I know part of the current increase in the metaphysical activity around me is focused on restoring and healing the Divine Feminine and Masculine. And because of that, I am being forced to face the masculine.
But I’m being pulled kicking and screaming into this part of my healing.
It’s forcing me to lean in to the shit from my father and watching his hypocrisy and whiny childish narcissistic behaviors. Watching him and being so abused by him has made me see every other male in my life, and yes that really frustratingly and sadly includes my own spouse, as irresponsible, un-respectable, and a toxic being with whom I want nothing to do with at times. This is a really uncomfortable place to be in and is it causing significant chaos in my own soul. Especially with how I view my own marriage relationship.
I love my spouse, and I am deeply grateful for his constant presence in my life for past almost 10 years we’ve been together. But I even struggle with not trusting the masculine within him. It makes me feel like a disgusting human being for feeling this way even towards him. He doesn’t deserve that. But I’m struggling with trying to find a starting place for dismantling this toxic mindset. He is holding space for me, and yet again, I am deeply grateful for his presence in my life.
I adore the Feminine and the Goddesses I am honored to be working with, but instinctively I know they are not the end all. I love the strength they exude and the power and respect they garner. Then on the flip side, there are Gods counterparts I need to acknowledge, and show respect to and honor. There is the Divine Feminine AND Masculine, and I know it is unbalanced to acknowledge and lean only into the Divine Feminine.
I feel so broken and sad that this belief and view of masculinity has kept me in its grips for so long. And that masculinity was such a broken and destruction force used against me. I frankly despise the masculine. I abhor the masculine that has been used so destructively against me and how much that masculine was used as an excuse for what was done to me. Even my father in law, who in all respects is an upstanding man, I can’t stand. I have barely any respect for him especially since he was one of the people who tried to get me to “forgive” my father and “belittled” what my father had done to me.

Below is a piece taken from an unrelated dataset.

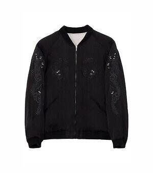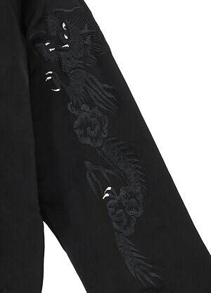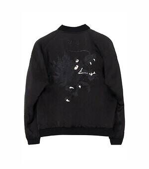 新作スカジャンは、あえて袖に刺繍を施したデザインが特徴。ブラックの面には、躍動感あふれる龍の刺繍が見て取れる。従来しなやかなサテン地への刺繍には高い技術が求められるが、独自の技術と手法を駆使することで、サテン独自の軽やかさを損なうことなく刺繍を施しているのがポイントだ。

I think I just had a breakthrough –
Growing up, as a young young girl, I desperately longed for a male to protect me and love me and take care of me. I longed for that protective presence. I somehow instinctively knew my father was not, nor could he ever be, that male. Especially now as I know it was him who abused me. I then looked at any other male who came into my life, even in a little way, as someone who could maybe give me that protection or care that I deeply needed. But every single male let me down, turned their backs on me, and left me in the hands of the toxic abuser I called my father. Any man or male I turned to for help, stabbed me in the back and refused to see any reason to get involved in a “private family matter.” Even my own spouse was cowed and abused by my destructive father. I wanted a warrior to come in and rescue me, I wanted a male to cry “shame shame!” and decry the abuse that had been done to me. But. No male came. No masculine creature came to my aid. Every male was easily manipulated by my toxic father. That gave me such a poor view of the masculine. I knew my father was wrong, I subconsciously knew he was toxic and a bad representation of the masculine, but where were the healthy men? Where were the warriors designed to protect? No one came, no one protected me, no one stopped the horrific things that were done to me.
I think this is part of why I had such an issue with the Christian god** as I was leaving that faith. That god is defined by being the holy masculine and the protector of the fatherless, the defender of the weak. And yet, that god never came to my aid. That god never protected me, or healed me, or gave me any reason to believe that he cared even an ounce for me. This is why I struggle to give any amount of reverence or acknowledgment to the Gods who are the other halves of the Goddesses I am being introduced to. I see the masculine as weak, unreliable, not to be trusted to hold up their end. And I know that’s not accurate, I know that’s not what the Divine Masculine is.
How do I enter the fray and unravel what has been done to me that has defined how I view the masculine?
I don’t know. I am not sure of where I should start with unraveling all of this. Maybe I’ve stumbled upon the beginnings of digging through the shit in writing this post. Maybe I haven’t. I just don’t feel confident managing this on my own. I also know a massive shift needs to happen before I get so stuck in this view of the masculine that it starts causing destruction and chaos around me and to those I love. I need to release the cynical and distrusting view I have of the Masculine.
** I apologize to any practicing Christians reading this post, but I am unable to capitalize the name of the Christian god right now.